Etika menjadi penuntun agar dapat bersikap sopan, santun, dan dengan etika kita
bisa di cap sebagai orang baik di dalam masyarakat.
Contoh dari etika :
Etika Pribadi. Misalnya seorang yang berhasil dibidang usaha (wiraswasta)
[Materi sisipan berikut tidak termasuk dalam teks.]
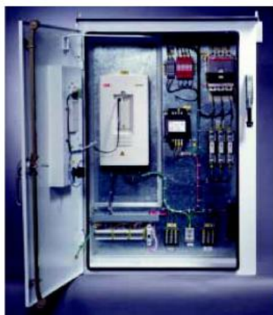
Figure 5. ABB ALC 600 controller

The controllers work in conjunction with frequency converters. Due to the absence of external sensors, the cost of the automation system is reduced, reliability is increased, and installation time is reduced. Another advantage of this approach is the versatility of application: the same controller can control both SHGN and screw and electric pumping units. However, it should be noted that the dynamogram obtained in this way will be very approximate, which will negatively affect the quality of control and diagnostic results.
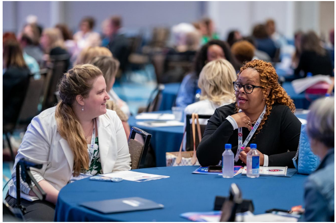
COA Conference Patient Advocacy Track
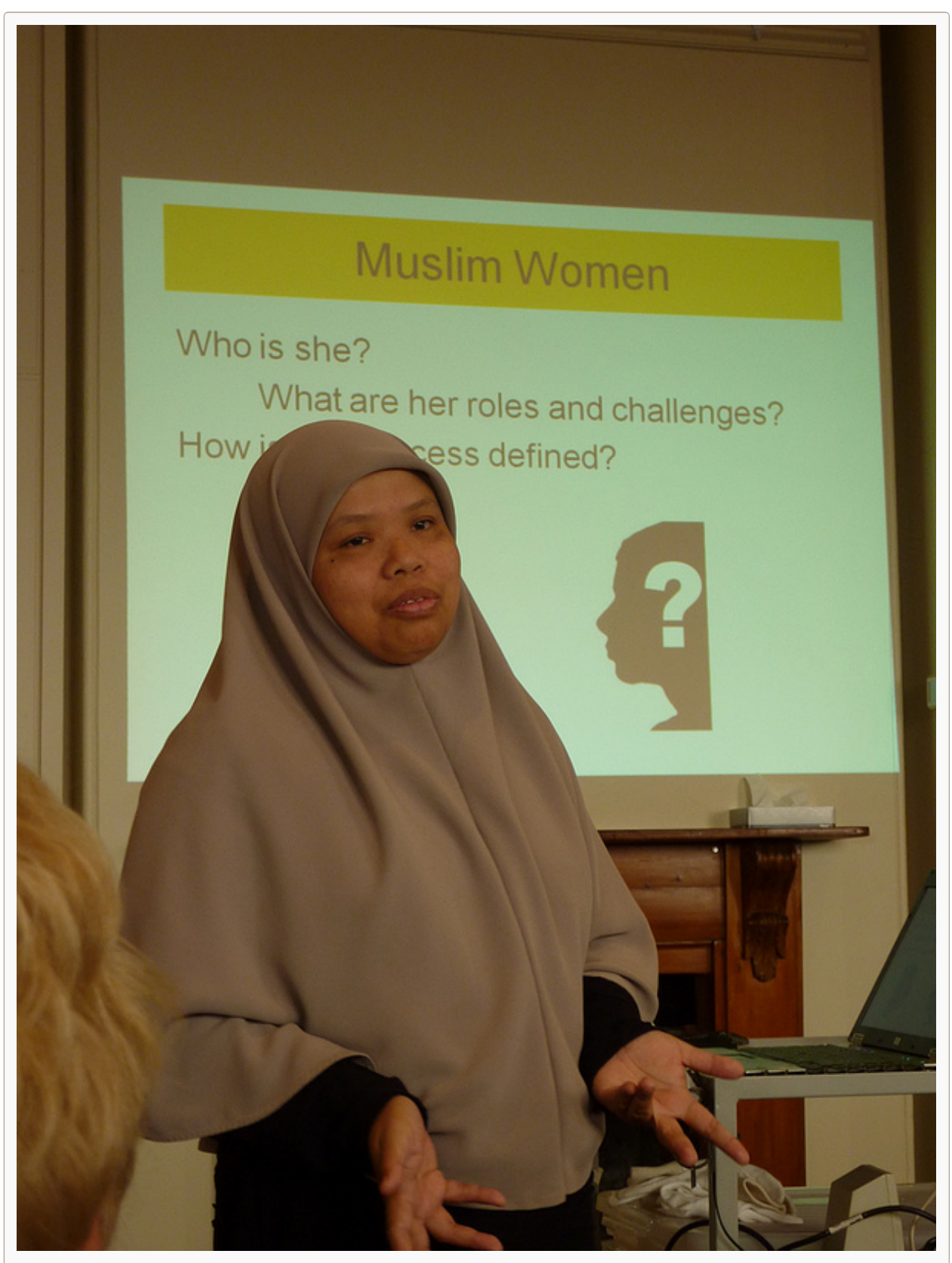
Participants at the 'Countering stereotypes – being a Muslim woman in South Australia' exhibition discuss what it means to be a Muslim woman in the region today.

Abu-Lughod's principal focus is the Arab world, and many of the examples she uses are from rural
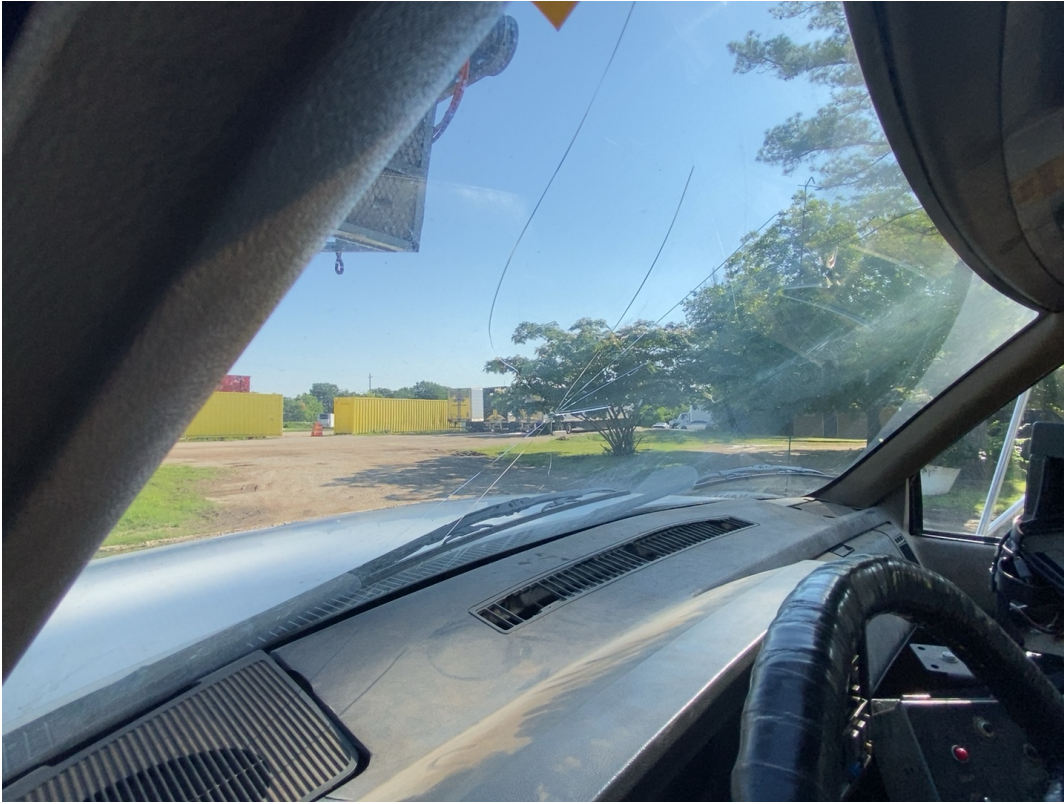
Cab Interior / 05-14-2024
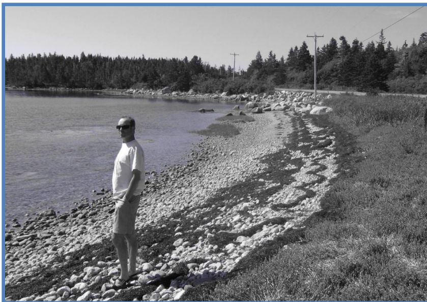
Shoreline at English Cove

This lovely wooded cove is about 2.5 km east of Charlos Cove and lined with little beaches. From here you catch a distant view of the Sugar Islands group. Paddle to the sand beach at the next cove to the east. No launch sites were found in Cole Harbour.
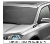
GRANITE GRAY METALLIC (ZTN)
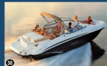
235LR SPORT DECK
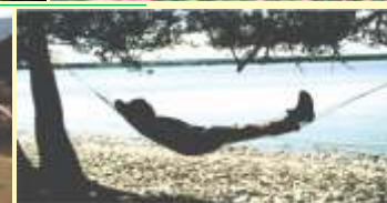
पर्वता, तिकोणा तुंग परिसर
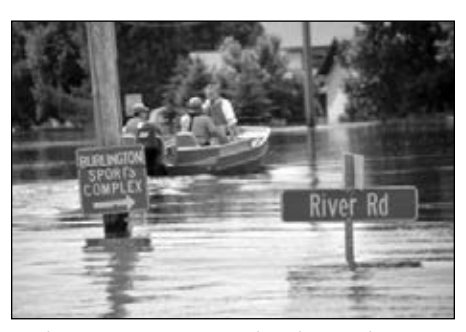
Burlington Sports Complex during the 2011
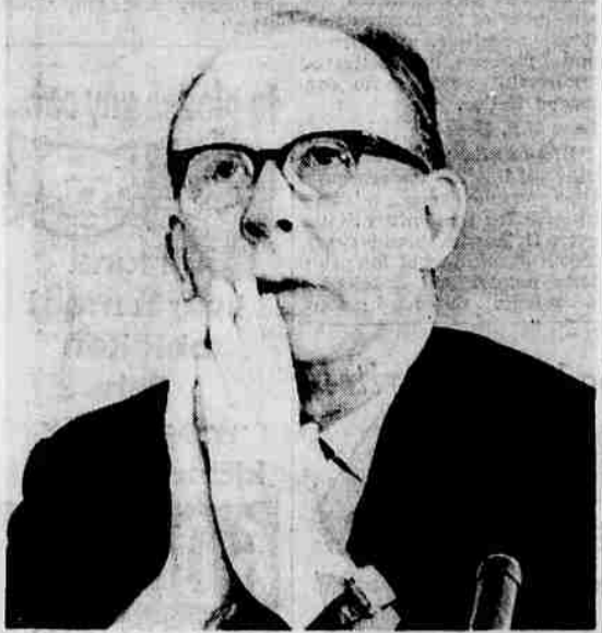
LIBBY WORRIED - Former Atomic Energy Commissioner Willard F. Libby, shown testifying before the Senate Foreign Relations, Armed Services and Joint Atomic committees today, said he probably "would favor" the limited nuclear test ban treaty but is "worried" that the U.S. has not tested a super bomb.
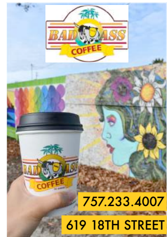
757.233.4007 619 18TH STREET
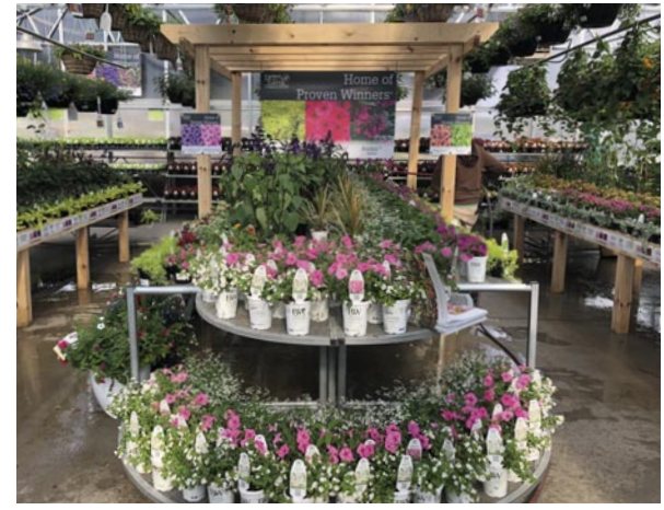
New custom built pergolas are the highlight of the new outdoor Proven Winners Destination, showcasing premium perennials and shrubs.
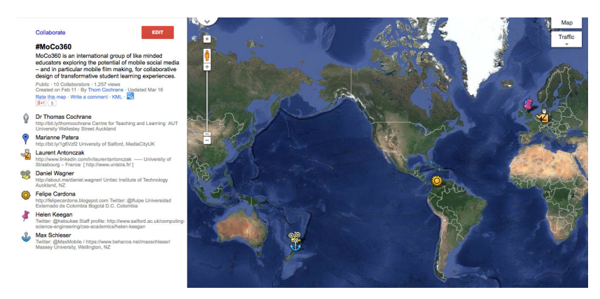
Figure 4. Google Map of #moco360 lecturers.

framework for BYOD we also share how we have enabled infrastructure changes to support the implementation of this framework, including the custom designed MOAs.
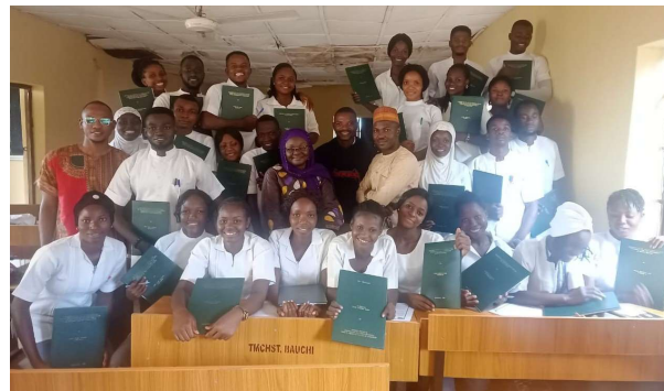
3 rd Year students with their completion certificates

dan menjadi seseorang yang kaya raya (jutawan). Ia disibukkan dengan usahanya
sehinnga ia lupa akan diri pribadinya sebagai hamba Tuhan. Ia mempergunakan
untuk keperluan-keperluan hal-hal yang tidak terpuji dimata masyarakat
(mabuk-mabukan, suka mengganggu ketentraman keluarga orang lain). Dari segi
usaha ia memang berhasil mengembangkan usahanya sehinnga ia menjadi jutawan,
tetapi ia tidak berhasil dalam emngembangkan etika pribadinya.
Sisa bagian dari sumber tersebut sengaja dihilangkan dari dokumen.